This study aims to examine the correlates of loneliness in older adults in Shanghai, China and to explore whether there are age group differences in the correlates of loneliness. This study intends to address two gaps in the literature. First, the loneliness of older adults in China is relatively neglected. Research on this population’s loneliness would enrich our understanding of such a phenomenon. Second, the older adult population varies in terms of health and social characteristics, thus it is meaningful to identify the important correlates for the young old and the old old, and this would provide evidence on tailoring age-specific prevention and intervention programs.

Method

Data

We used the Shanghai Urban Neighborhood Survey (SUNS), which started in 2015 and was completed in 2017 by Center for Data and Urban Sciences (CENDUS). The data was sponsored by III project of sociology, Shanghai “GaofengGaoyuan” project. The data used Probability-Proportion-to-Size Sampling method with implicit stratification. In particular, the survey was conducted through three stages: the Primary Sampling Unit (PSU) was administrative subdistricts/towns; the Second Sampling Unit (SSU) was administrative villages/neighborhood communities; and the Third Sampling Unit (TSU)was households. Community-level survey was conducted in a randomly selected 537 communities among 5732 in the whole city. Household survey was conducted in a representative 180 communities, and all the individuals in the household sampled responded to the survey. SUNS is the largest city-wide survey that covers a variety of multi-level information (community, family, and individual-level), including sociodemographics, health-related information, attitudes towards family and community, social governance, and community information [41]. Inclusion criteria included: (1) participants were willing to respond the survey; (2) there were no language barriers; (3) participants have sufficient cognitive capacity to communicate. A sample of N = 8631 adults was interviewed. As our study focused on loneliness in older adults, only older adults aged 60 or above (N = 2770) were included in the current analysis. Please see research [49,50,51] for the details of the methodology.

Measures

Loneliness

We used the De Jong Gierveld six-item scale for loneliness [16] to measure the overall loneliness. The scale has been translated into Chinese and proved to be valid and reliable measure of loneliness in Chinese older adults [21, 22]. Example item included “I experience a general sense of emptiness” and “I miss having people around”. Each item is measured on a 7-point Likert scale ranging from 1 = completely disagree to 7 = completely agree. Three items were firstly reversely coded, and then the sum score of the 6 items was obtained ranging from 6 to 42, with higher scores denoting higher level of loneliness. The reliability of the scale in this study was Cronbach’s α = 0.60.

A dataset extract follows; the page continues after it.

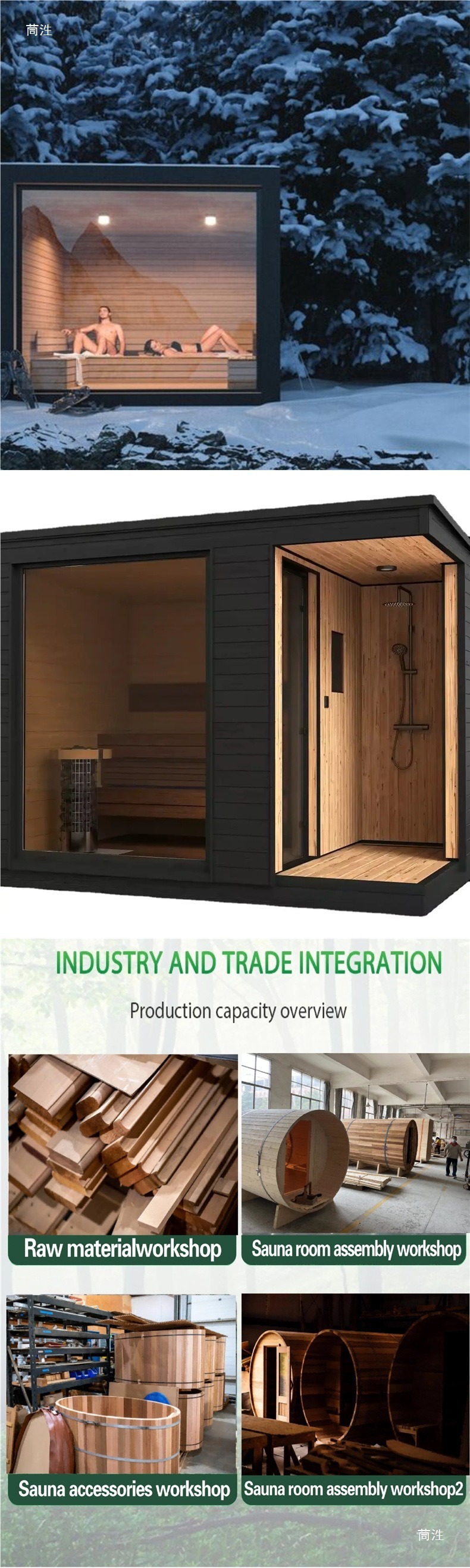 - Processus productionis: productio Standardised opercula " processus materialis rudis - nucleus componentis conventus - inspectionis producti perfecti". Singula qualia sunt in perficientur calefactionis sauna, ratio imbres waterproofing, et testa exterior anti-corrosio coating plures probationes subeunt ut stabilis et certa usui velit.

Sociodemographic variables

The sociodemographic variables included age, gender(male vs. female), marital status (single, divorced, widowed vs. married), education (junior high, high, bachelor vs. primary school), living arrangement (living alone vs. living with other people), and these variables has been found to be related to loneliness in previous research [52].

Health factors

Health variables included: self-rated health (SRH), the number of chronic illnesses, and instrumental activities of daily living (IADL). SRH was measured by “in general, how would you rate your health?”, and it was measured on 5-point Likert scale, ranging from 1 = poor to 5 = very good. We used the number of the chronic illnesses to indicate their objective health status, with higher scores denoting more chronic illnesses. In addition, we used the IADL [53] to indicate older adults’ physical functioning, and the scale consisted of 7 items, e.g., food preparation, shopping, and transportation. The mean score of these items were used to indicate the level of disability, with higher scores denoting higher level of disability. The reliability of the scale in this study was Cronbach’s α = 0.90.

Social factors

We included family functioning, contact with neighbors, volunteering, playing mahjong, and square dancing. We used the 12-item General Functioning scale of the McMaster Family Assessment Device [54] to measure the overall emotional health and functioning of the family. Example items included “We confide in each other” and “There are lots of bad feelings in our family” [54]. Each item was measured on a 4-point Likert scale ranging from 1 = Strongly Agree to 4 = Strongly Disagree. Epstein et al. reported that the FAD general functioning scale had high reliability as well as good concurrent and predictive validity [54]. Six items were firstly reversely coded, and then the mean score of the 12 items was obtained, with higher score denoting better family functioning. The reliability of the scale in this study was Cronbach’s α = 0.74.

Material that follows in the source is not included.